Hedging with Leveraged Funds

Hello,

I found this article on shorting both UPRO & SPXU at the same time. I put it in a screener:

http://www.portfolio123.com/app/screen/summary/46207?st=1

And it actually works. I used 0.1 slippage and it can handle more if the rebalance period stays at 4 weeks. I tried other leveraged ETF’s and it works with them also.

It does really well during bear markets and at first glance could be used with market timing to increase returns during bear markets. Does this seem feasible?

Here is the article if you are interested:

Any thoughts would be appreciated.

Regards,
Mark V.

Mark, thanks for the idea. I have been thinking about this for a while and it would certainly have worked over the recent past but what do you think about the following comment by “klarsolo” to the Seeking Alpha article?

"You may be hedged against a quick move in any direction, but you’re not hedged against a strong trend that lasts for weeks or even months. Or what about a strong trend that lasts for years? How do you manage the risks there? How do you rebalance your ultra ETFs?

Don’t get me wrong - I like the strategy, but I would not advocate anybody doing this without having a good understanding of the risks. " - klarsolo

Thanks,
Chip

Hello Chip,

I don’t think runaway markets matter since the screener shows you make money. The question is how much slippage would you incure in real life trading?

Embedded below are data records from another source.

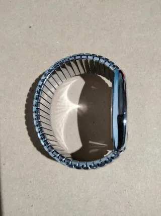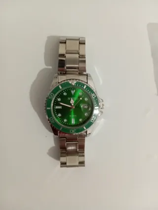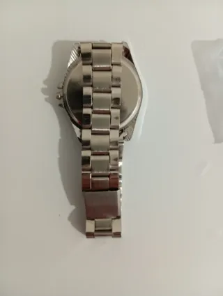 Reloj nuevo a estrenar Le quite dos eslabones porque era grande se lo regalé a mi hijo para reyes pero prefiere otro tipo de reloj está nuevo y los eslabones están en la caja por si hay que agrandar la pulsera,muy bonito y económico .es precio es innegociable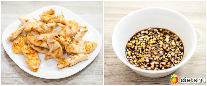 5. Перекладываем куриное филе на тарелку. Приготовим соус. Чеснок измельчаем мелкими кубиками, либо выдавливаем через пресс и смешиваем с соевым соусом, заправка готова.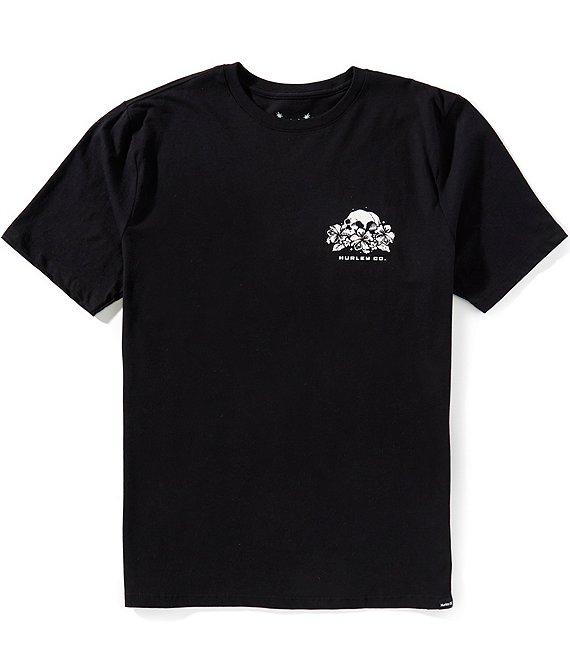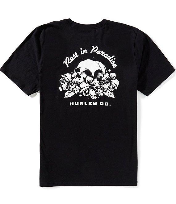 From Hurley, this t-shirt features: Crew neckline Short sleeves "Rest In Peace" verbiage, "Hurley Co." logo and flower and skull print on the front and back Custom back neck artwork One and Only clip label Pullover construction Cotton Machine wash/tumble dry Imported.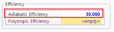 compressor model을 추가후, adiabatic efficiency를 30%로 define한다.

Using 0.1 slippage during bear markets this strategy performs extremely well. Good return and average volatility. Not sure if it does in real life because I don’t know the real life slippage.

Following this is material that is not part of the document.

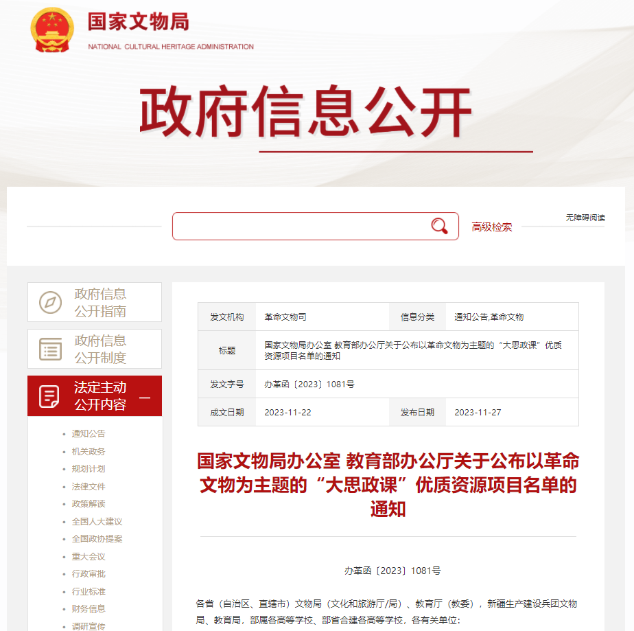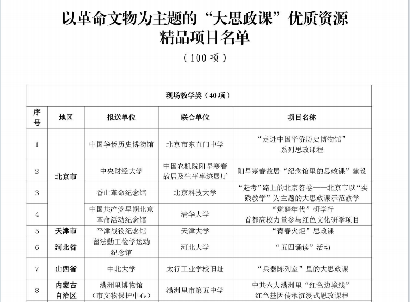国家文物局办公室、教育部办公厅表示,要以示范项目和精品项目为引导,进一步聚焦主题,依据不同受众着力开发一批契合教学目标的思政课程,着力打造一批“纪念馆里的思政课”、“行走的思政课”品牌,切实推动不同学段学生走进场馆开展学习实践,充分发挥革命文物铸魂育人作用。
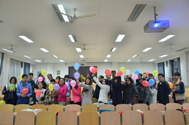 晚上六点三十分,伴随着《告白气球》轻快的旋律,晚会拉开了序幕。“青春的交响绽放华丽的激情,校园的纯真挥洒最美的真挚”,主持人致开场词之后,晚会正式开始。第一个节目是由会计协会会长左绍娜同学和会计协会大一新成员田麒筠同学带来的活力四射的开场舞《Super star》。动感的音乐响起,观众的热情也随即被点燃,一舞结束,全场掌声雷动。紧接着是由大一新成员李一同学带来的歌曲串烧《一次就好》《七月上》。聚光灯下,台上演员深情弹唱;台下观众则纷纷举起双手和着节拍,陶醉在清澈迷人的歌声里。一曲结束,观众们沉浸在歌曲的温情中回味无穷。接下来进行的游戏环节——抱团游戏令现场气氛再次热闹起来。同学们热情高涨,争相参加。随着主持人一声令下,台上的同学按照规则迅速抱团,没有抱团的同学则受到了小小的“惩罚”,晚会现场汇成了一片欢歌笑语的海洋。简单的游戏,不仅活跃了现场气氛,更增进了同学们之间的友谊和默契。游戏结束,晚会继续进行。灵风双节棍社团献上酷炫的焰火双节棍表演,迸射的火花引的台下观众尖叫连连;会计协会大二成员孙凡淑同学带来的舞蹈《极乐净土》仿佛将观众带到了另一个纯净的世界;更有会计协会三位同学合作带来的搞笑舞蹈《江南皮革厂》引得现场观众哈哈大笑。晚会接近尾声,又是一波游戏互动环节。同学们两两配合,合力用身体挤破气球,最后所有参与的同学都获得了丰厚的奖品。

During Bull markets it does not perform as well as most P123 models so I would not consider it.

Regards,
Mark V.

I looked into this strategy a while ago, and if I recall correctly, it is difficult to short leveraged ETFs.

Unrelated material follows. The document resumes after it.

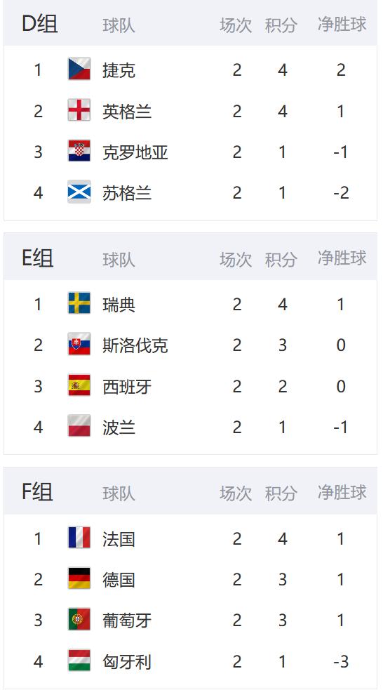 D组的局面是捷克和英格兰末轮打平一起出线,而且英格兰似乎并不太希望拿到小组第一,末战赢球欲望并不大。克罗地亚没有退路,只有击败苏格兰,他们才能掌握出线主动权,一旦不赢球,就大概率出局。E组陷入了连环套,四支球队都有机会,西班牙末轮对阵斯洛伐克,他们前两轮只是拿到2分,没了退路,波兰对阵瑞典,同样还有机会,这个小组比较复杂,西班牙还真有出局的可能。

I believe that most of them are “hard to borrow,” so it would be costly (high interest rates) to short them. Additionally, there would be a risk that your broker would be forced to close at least one side of your position at some point in the future, which would either unwind your strategy, or leave you unhedged for one side of the market.

Check with your broker to see if you can short both UPRO and SPXU.

By the way, these potential constraints could also pose a problem for the hedging strategy feature for P123 portfolios.

This is an old post but my experience may help someone…

“there would be a risk that your broker would be forced to close at least one side of your position at some point in the future, which would either unwind your strategy, or leave you unhedged for one side of the market”

=> IB did it to me last year in my supposed maket-neutral strategy (shorting a pair of 3x opposed ETFs on the same sector). And the closed side was still shortable on their site, it should not have happened. If you are not able to close yourself when they send you the alert, they force the order. The only guarantee you have is to get price between the low and the high of the day.

BTW don’t forget to take into account the borrowing rate, it is higher than for other kinds of ETFs (and vary from one day to the other)

Summary: backtesting this kind of strat is definitely not reliable.